The problem with Starbucks’ new dress code

Tats, hipster hair and muted colours: the acceptable face of Starbucks
Tats, hipster hair and muted colours: the acceptable face of Starbucks. Photograph: Starbucks

We can’t blame Starbucks for single-handedly casting the final shovel of earth on to the long-buried coffin of hipness, but it’s certainly having a good go. The coffee chain has just released a new dress code for its baristas. While the aim is to encourage staff to express their personalities through their clothes, it has accidentally picked the scab off some of the plummest hipster trends to have scarred fashion’s landscape. So much so that this handbook can now double up as a checklist for what not to wear.

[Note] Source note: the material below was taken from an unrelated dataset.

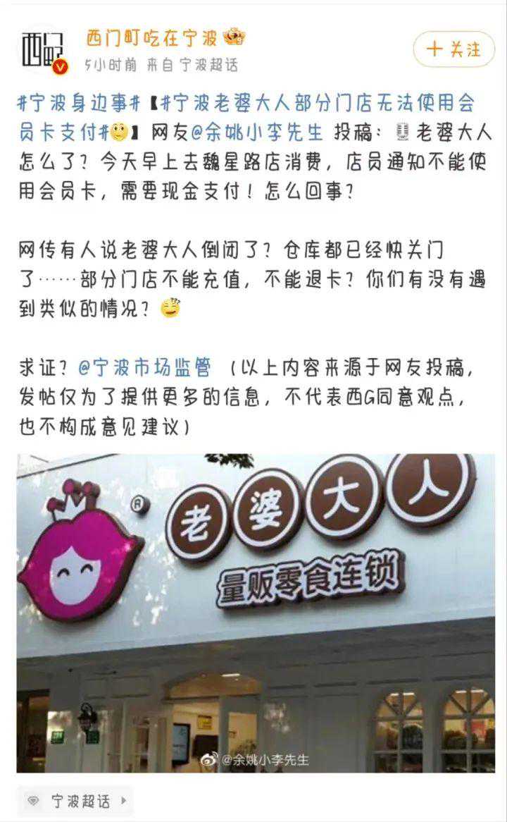今天上午,一条关于“老婆大人倒闭了,不能用会员卡”的消息,迅速在各大社交平台发酵。 “网传有人说老婆大人倒闭了?仓库都已经快关门了……部分门店不能充值,不能退卡?你们有没有遇到类似的情况?” “会员卡内余额被宁波总部扣押,停止返款……门店不得已停止使用会员卡……” “老婆大人”的词条,也冲上了微博热搜。 “老婆大人”,是指老婆大人量贩零食连锁店,以售卖各种散装、包装零食、饮料为主,通常门店开在大型居民社区附近或街边店铺,以会员卡充值消费模式为主。 中午,橙柿互动记者打开大众点评app,查找相关商户,发现杭州主城区及周边地区在内,有一百多家“老婆大人”门店,只有两家显示暂停营业。 记者通过电话,先询问了位于金家渡路上的“老婆大人”。接电话的是老板,一听来意,立马回答“正常正常”,“网上说的,都是宁波那边,跟我们没关系,杭州的门店都是正常的,放心放心,随时来店里。” 有人中午特地跑去门店看情况 家住在皇庆苑附近的郑大姐,中午12点多,就急匆匆地赶到常去的老婆大人新华路门店。记者赶到这家店时,正好碰到她在问店员情况。巧的是,新华路门店正好在装修。 郑大姐一早在家庭微信群里收到“老婆大人要关门”的消息。“我亲戚说‘你不是有卡的啊!快去用用掉’,我就过来看看,没想到这家店还装修了。”郑大姐说,她平时基本上一个月,会去老婆大人消费一两次,每次花个2、300元,目前会员卡里还有100多块余额。 “我们是正常装修,不是关店哦,装修结束还是营业的。”穿着老婆大人工作服的店员,站在店门口和郑大姐解释,因为店里的水管子破了,需要重新翻修,预计到5月26日恢复营业。“杭州我们有100多家店,有直营也有加盟,早上的消息我们也看到了,直接爆了!如果大家不放心,或者要买东西,可以去附近我们的建国北路门店,放心,都是正常开,正常可以用会员卡的。” 除了郑大姐,还有一个差不多年龄的大姐,也是上午听到“风声”,特地赶过来看看情况。 听店员解释了下,两位大姐逗留了会儿就走了。郑大姐说,晚点再去朝晖那边的门店看看,到底怎么个情况。 橙柿互动记者随即也拨打了另外两家门店,建国北路的店员表示“门店目前都是正常营业,网上传的都是谣言”,另一家朝晖店老板,也表示并没有网传的倒闭和不能用会员卡,“正常营业”。 相关门店遭遇大波人群“紧急消费” 在询问倒闭消息时,杭州其中一家门店的老板解释,起因是余姚慈溪部分加盟店停用了会员卡,只支持现金支付,继而导致“传出倒闭谣言”。而部分加盟店的所属,属于另一老板。 据天眼查App显示,老婆大人量贩零食关联公司宁波老婆大人企业管理有限公司成立于2014年,注册资本100万人民币,袁振勤为法定代表人,持股51%,系第一大股东及实控人。 热搜话题里,有不少网友晒出了今天去相关门店紧急消费的场面,人多到已经排队到店铺外,店门口更是贴出了“排队付款预计3小时”的告示。相关门店所属地都在余姚。 尽管杭州门店目前不受影响,但就像特地赶去的郑大姐一样,听到风声了多少有点“心有余悸”。卡里充了值,结果突然一夜之间成了废卡,这样的事情也不是没发生过。前两天吵得沸沸扬扬的许留山,还有之前很多杭州人被“套牢”的丹比蛋糕、浮力森林,以及瑜伽馆、教培行业等等。 “我已经算留心了,每次充个3、400,用个2、300,卡里余额保持在100多块。也不敢多充的,生怕哪天用不来了。”郑大姐说,“现在还是觉得用多少充多少最放心。” 你有去过老婆大人买零食吗?你现在会不会办充值会员卡?留言区等你。

Some of the things staff are now actively encouraged to wear include selvedge denim, saggy beanies and cuffed jeans. A neckerchief, worn any way in a fun colour. You are also allowed to wear visors and flatcaps. (It’s worth remembering that Starbucks is a predominantly indoor establishment.) It’s quite a step change given that, until recently, employees were limited to black or white shirts and khaki or black bottoms. They weren’t allowed to dye their hair weird colours, and they definitely weren’t allowed to wear fedoras. Happily, they can now do both, while continuing to call you – Jess – “Jeff”, despite having written it correctly the cup.

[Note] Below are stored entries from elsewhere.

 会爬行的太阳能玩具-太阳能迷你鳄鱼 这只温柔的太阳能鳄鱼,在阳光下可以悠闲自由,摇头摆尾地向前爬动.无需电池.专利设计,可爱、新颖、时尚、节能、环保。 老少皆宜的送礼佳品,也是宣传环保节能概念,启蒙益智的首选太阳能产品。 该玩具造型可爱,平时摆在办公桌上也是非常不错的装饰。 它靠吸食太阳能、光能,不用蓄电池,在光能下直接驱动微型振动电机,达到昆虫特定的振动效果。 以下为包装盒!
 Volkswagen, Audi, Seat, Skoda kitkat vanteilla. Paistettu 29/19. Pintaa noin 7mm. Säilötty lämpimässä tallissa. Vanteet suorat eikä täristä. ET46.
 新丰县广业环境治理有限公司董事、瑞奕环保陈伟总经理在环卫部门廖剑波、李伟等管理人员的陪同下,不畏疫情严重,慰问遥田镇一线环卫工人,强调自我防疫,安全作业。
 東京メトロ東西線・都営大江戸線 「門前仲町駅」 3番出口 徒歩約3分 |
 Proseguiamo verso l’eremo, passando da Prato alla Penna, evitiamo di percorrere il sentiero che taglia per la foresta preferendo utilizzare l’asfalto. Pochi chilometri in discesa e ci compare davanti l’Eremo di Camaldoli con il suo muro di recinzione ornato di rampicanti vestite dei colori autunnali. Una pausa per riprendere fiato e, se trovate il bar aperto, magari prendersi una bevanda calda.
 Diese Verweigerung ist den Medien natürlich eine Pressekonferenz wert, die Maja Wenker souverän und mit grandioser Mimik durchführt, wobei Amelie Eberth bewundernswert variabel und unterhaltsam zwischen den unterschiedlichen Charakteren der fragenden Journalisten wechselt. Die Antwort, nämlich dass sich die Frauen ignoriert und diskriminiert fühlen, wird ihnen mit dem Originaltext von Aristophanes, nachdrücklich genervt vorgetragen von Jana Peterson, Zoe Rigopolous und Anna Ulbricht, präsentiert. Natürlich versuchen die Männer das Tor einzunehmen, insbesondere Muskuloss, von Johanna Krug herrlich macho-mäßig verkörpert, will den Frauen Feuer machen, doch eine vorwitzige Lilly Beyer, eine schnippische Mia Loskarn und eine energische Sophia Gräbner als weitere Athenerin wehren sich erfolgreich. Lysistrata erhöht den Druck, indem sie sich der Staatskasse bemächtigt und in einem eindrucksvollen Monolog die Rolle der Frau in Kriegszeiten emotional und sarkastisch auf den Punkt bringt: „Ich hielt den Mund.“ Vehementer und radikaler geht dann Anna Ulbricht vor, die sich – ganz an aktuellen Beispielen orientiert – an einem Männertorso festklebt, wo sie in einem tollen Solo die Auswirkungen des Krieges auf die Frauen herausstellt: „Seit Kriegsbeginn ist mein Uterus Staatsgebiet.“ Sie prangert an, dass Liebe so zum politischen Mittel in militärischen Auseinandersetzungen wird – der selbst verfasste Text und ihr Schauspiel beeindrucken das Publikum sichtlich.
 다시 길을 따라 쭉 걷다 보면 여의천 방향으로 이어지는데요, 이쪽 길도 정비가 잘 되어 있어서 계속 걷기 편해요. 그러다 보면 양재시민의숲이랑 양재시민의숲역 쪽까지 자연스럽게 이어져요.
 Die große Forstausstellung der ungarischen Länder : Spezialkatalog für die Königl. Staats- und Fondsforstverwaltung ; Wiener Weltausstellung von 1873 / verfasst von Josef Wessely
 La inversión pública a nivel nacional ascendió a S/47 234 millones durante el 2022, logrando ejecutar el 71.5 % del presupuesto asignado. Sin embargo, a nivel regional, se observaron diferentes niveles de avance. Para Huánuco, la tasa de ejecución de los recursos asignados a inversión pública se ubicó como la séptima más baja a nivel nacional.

What’s in and what’s not, according to the Starbucks dress code.
What’s in and what’s not, according to the Starbucks dress code. Photograph: Starbucks

Of course, having a dress code inspired by anything other than practicality is daft. But in one sense, the reasoning is sound. Douglas McWilliams’s book The Flat White Economy suggests that the economy prospers where these trends go, so it’s inevitable that chains will attempt to tap into hipster chic. Sydney’s successful cafe The Corner – a hip one-off branch of McDonald’s where staff wear chambray shirts and dark jeans – is a case in point.

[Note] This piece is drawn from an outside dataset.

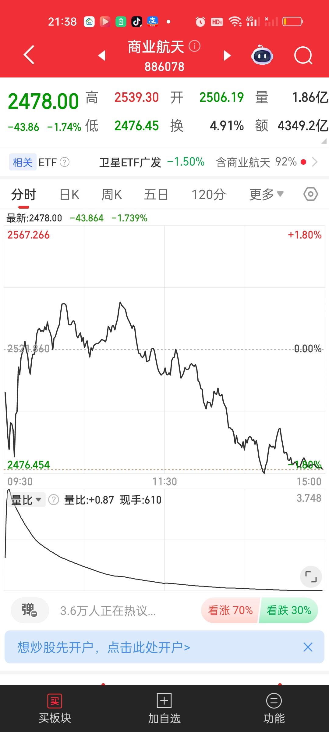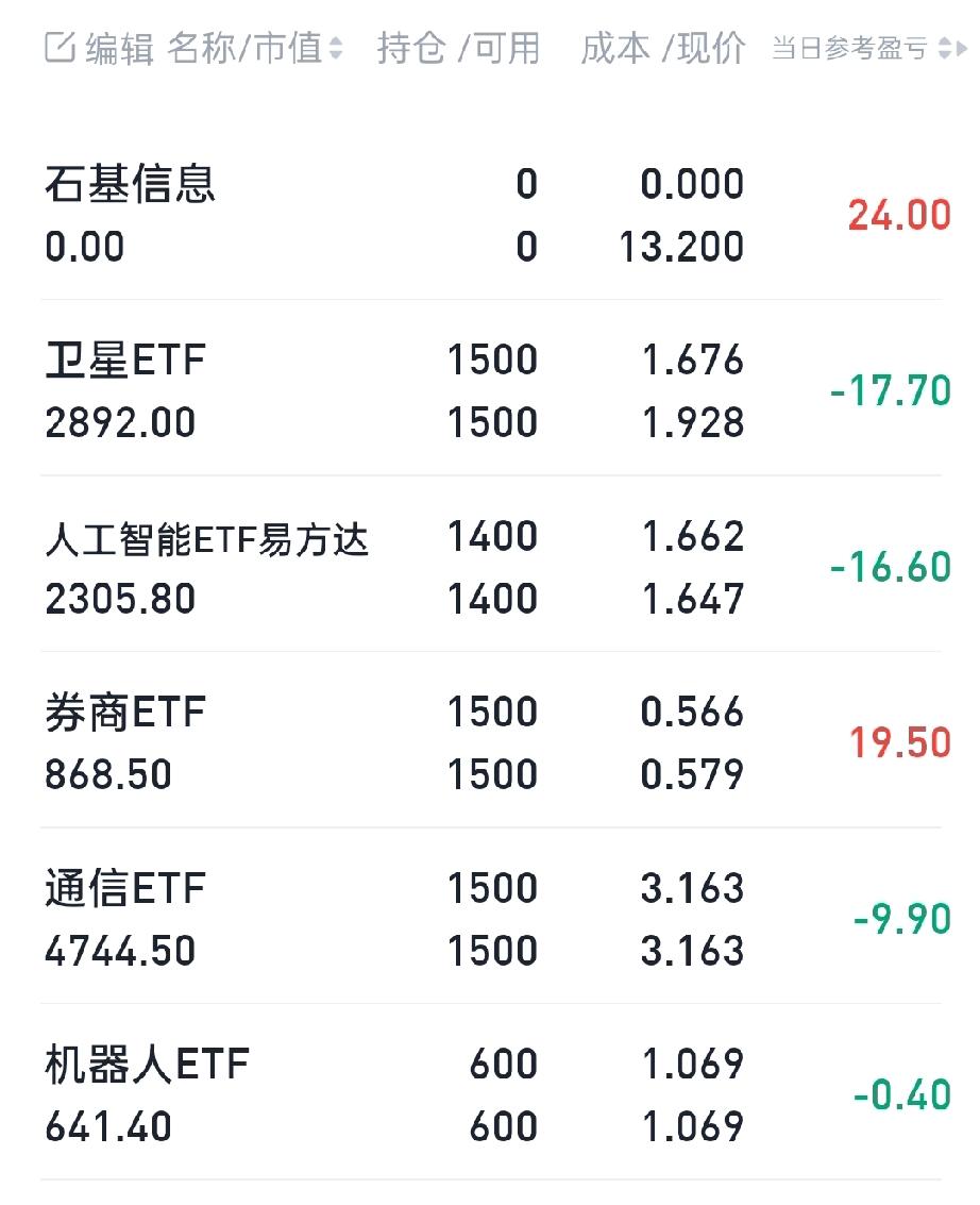 卫星ETF和商业航天板块今天收盘都跌破了20日线。从原则上讲确实要开始进入下行趋势了,调整周期1个月起步,其实今天上午明明涨得好好的。硬是被神秘力量死死压制不让上涨,没脾气! 卫星ETF今天20日线是1.947,收盘1.928,从收盘价来看确实已经跌破20日线了,我目前持有1500股,持仓成本是1.676,累计盈利400元。 商业航天今天20日线在2497.37,而今天收盘价在2478.00,收盘价也跌破了20日线。从原则上讲,明天20日线收不回来也要进入下行趋势了。 今天场内账户就亏了16元,可以忽略不计。但场外科技板块爆杀,多少也要亏一些的,只能硬抗!

There is some salvation, however, not least in the list of banned clothing that, inevitably, happens to be all the things that are actually on trend. These include: big logos and bucket hats (very nu-lad); jogging bottoms (athleisure); and anything with an inconsistent wash (AKA dip dye – see Altuzarra’s spring/summer collection). Still, the problem isn’t that the baristas are wearing plaid. Or even that they have the audacity to call themselves baristas (said as a one-time barista). The problem is that the coffee is rank.